To further understand retention, it is helpful to look at retention by cohorts. A cohort is a group of customers with some shared characteristic. The characteristic can be when they signed up, or what plan they subscribed to, or how large their company is. In this case, we will group customers by the month they signed up.
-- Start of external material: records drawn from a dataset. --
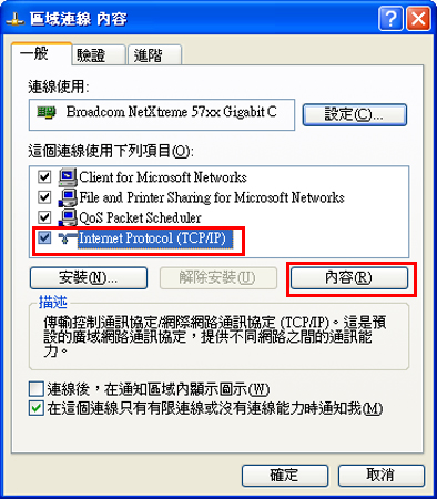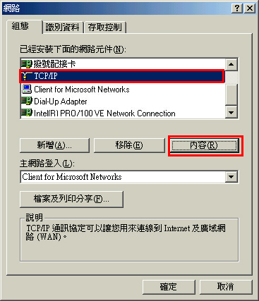 7. 「已經安裝下面的網路元件」中選取 TCP/IP ,按一下[內容]。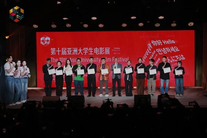 在开幕式的尾声,嘉宾代表们受邀上台,与评委会成员共同开启了第十届亚洲大学生电影展的“一场一镜一次”。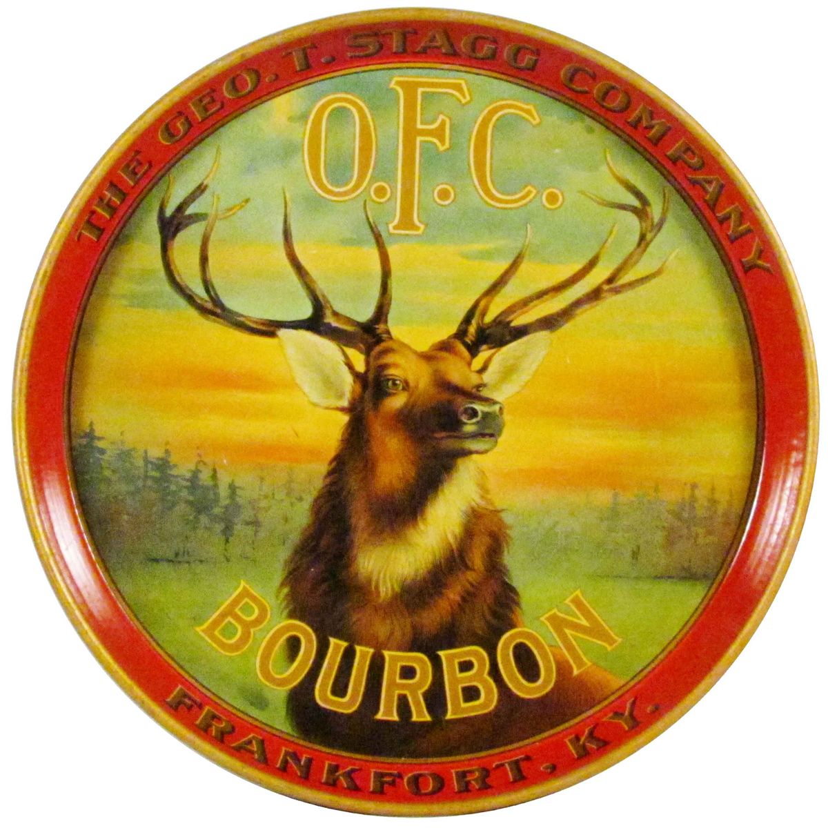 O.F.C. Bourbon Tin Serving Tray. Depicting Stag. Haeusermann NY Lithographer. Excellent condition. 12 inch diameter.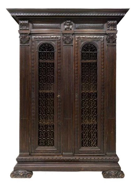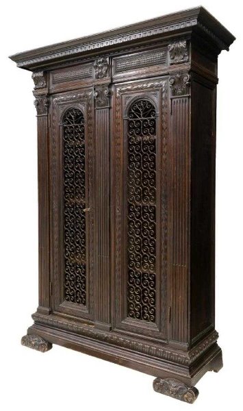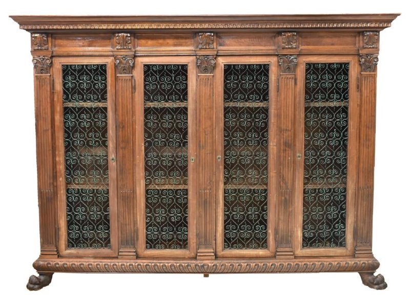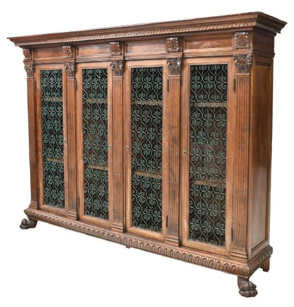 142.....WALNUT BOOKCASE WITH IRON DOOR PANELS...71.75 H X 97 W X 20.5 D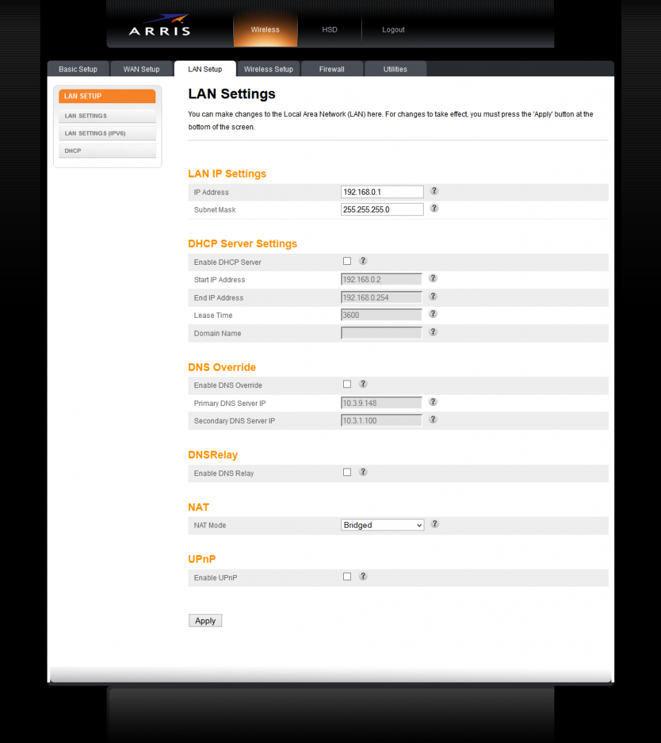 - En la pestaña LAN Setup se configura la red local. Esta es la página mas importante para nuestro objetivo. Desactiva todas las opciones y asegúrate de seleccionar el valor Bridged para la opción NAT Mode. No olvides hacer click en Apply para guardar tus cambios: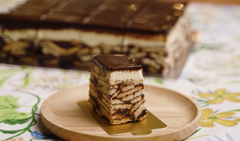 Βγάζουμε το γλυκό μας από το ψυγείο και απλώνουμε από πάνω τη σοκολάτα ισιώνουμε και την ξαναβάζουμε στο ψυγείο για όλη τη νύχτα Όταν τη βγάλουμε το πρωί βγάζουμε τη φόρμα αφαιρούμε το χαρτί κόβουμε και σερβίρουμε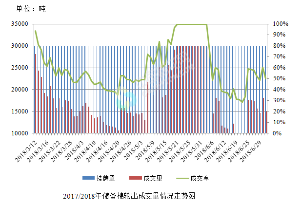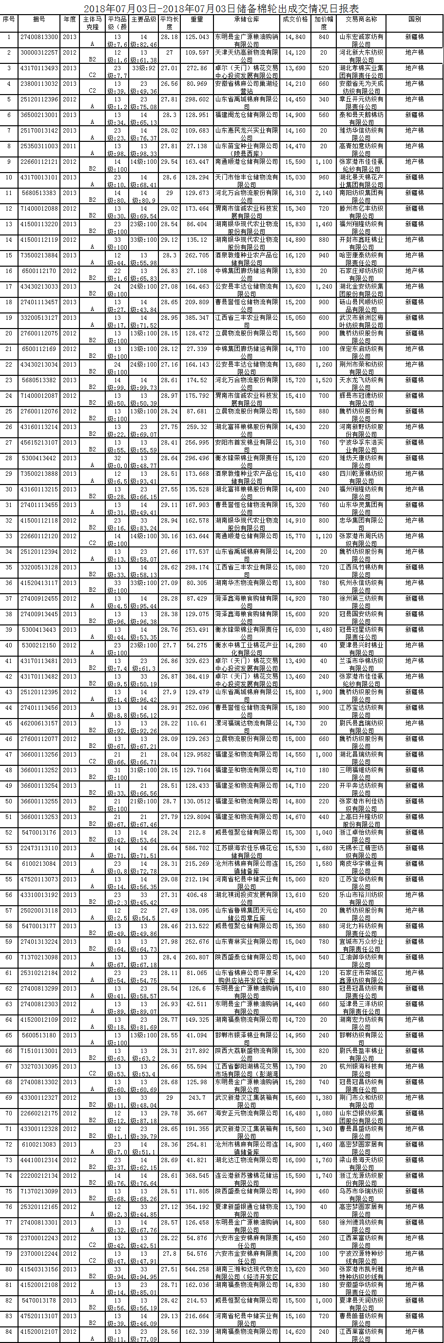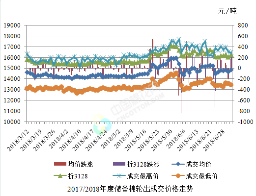 7月3日储备棉轮出销售资源30006.8782吨,实际成交14992.7382吨,成交率49.96%。平均成交价格14865元/吨(较前一日上涨170元/吨);折3128价格16261元/吨(较前一日上涨208元/吨)。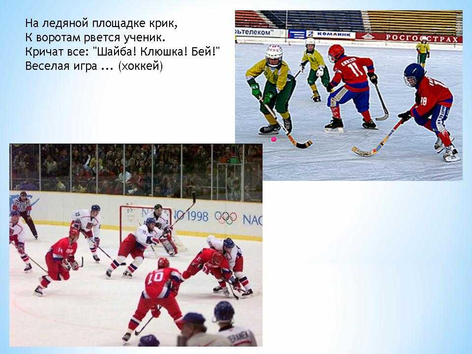 Самый популярный командный вид зимнего спорта – хоккей. Используя специальный инвентарь в виде защитного снаряжения, коньков, клюшки и шайбы, две команды пытаются забросить шайбу в ворота противника максимальное количество раз. Более того, на ледяной площадке разворачивается шорт-трек, участники которого выполняют скоростной бег на коньках по кругу на время, а также игра в кёрлинг, где две команды катают по льду тяжелые гранитные снаряды, стремясь уместить их в специальные мишени.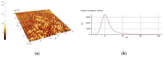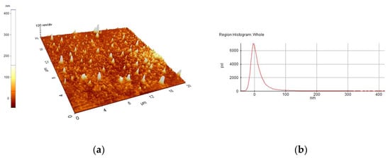 AFM image of 4%GO-SiO2-P2O5/glass film: (a) morphology, (b) region histogram.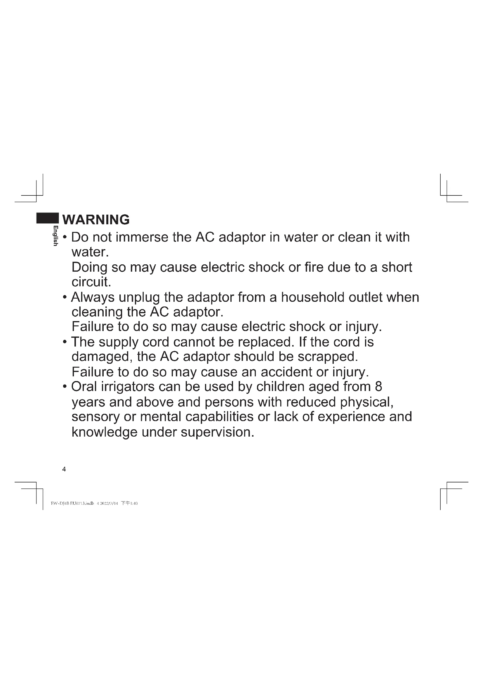 EW-DJ4B EU0713.indb 6 2022/7/14 下午1:40English WARNING Alwaysensuretheapplianceisoperated on an electric power source matched to the ratedvoltageindicatedontheACadaptor. Fullyinserttheadaptor.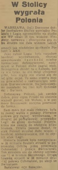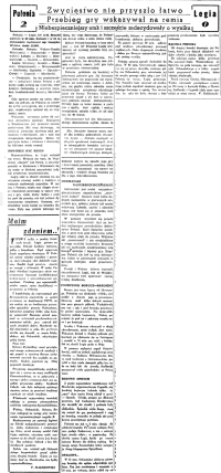 " (...) W Warszawie sprawy układają się nierównie prościej. Polonia ma wybitną przewagę nad Legią, która w powodzi eksperymentów...

Suppose we have a table with four columns, ['date', 'customer_id', 'order_num', 'order_amount_dollars']
.
date | customer_id | order_num | order_amount_dollars | |
---|---|---|---|---|
1 | 2019-08-01 | 1 | 1 | 30 |
2 | 2019-08-05 | 2 | 2 | 40 |
3 | 2019-09-01 | 1 | 3 | 30 |
4 | 2019-09-07 | 3 | 4 | 50 |
We are interested in calculating the monthly customer retention between the most recent month and the of the cohort for each month cohort. Rows should represent the year and month a customer group signed up and columns should be the time series of monthly retention. The resulting DataFrame could look like
201901 | 201902 | 201903 | 201904 | |
---|---|---|---|---|
201901 | 1.0 | 0.5 | 0.4 | 0.2 |
201902 | 0.0 | 1.0 | 0.6 | 0.5 |
201903 | 0.0 | 0.0 | 1.0 | 0.7 |
Task: Write a function customer_retention_month_cohort(df)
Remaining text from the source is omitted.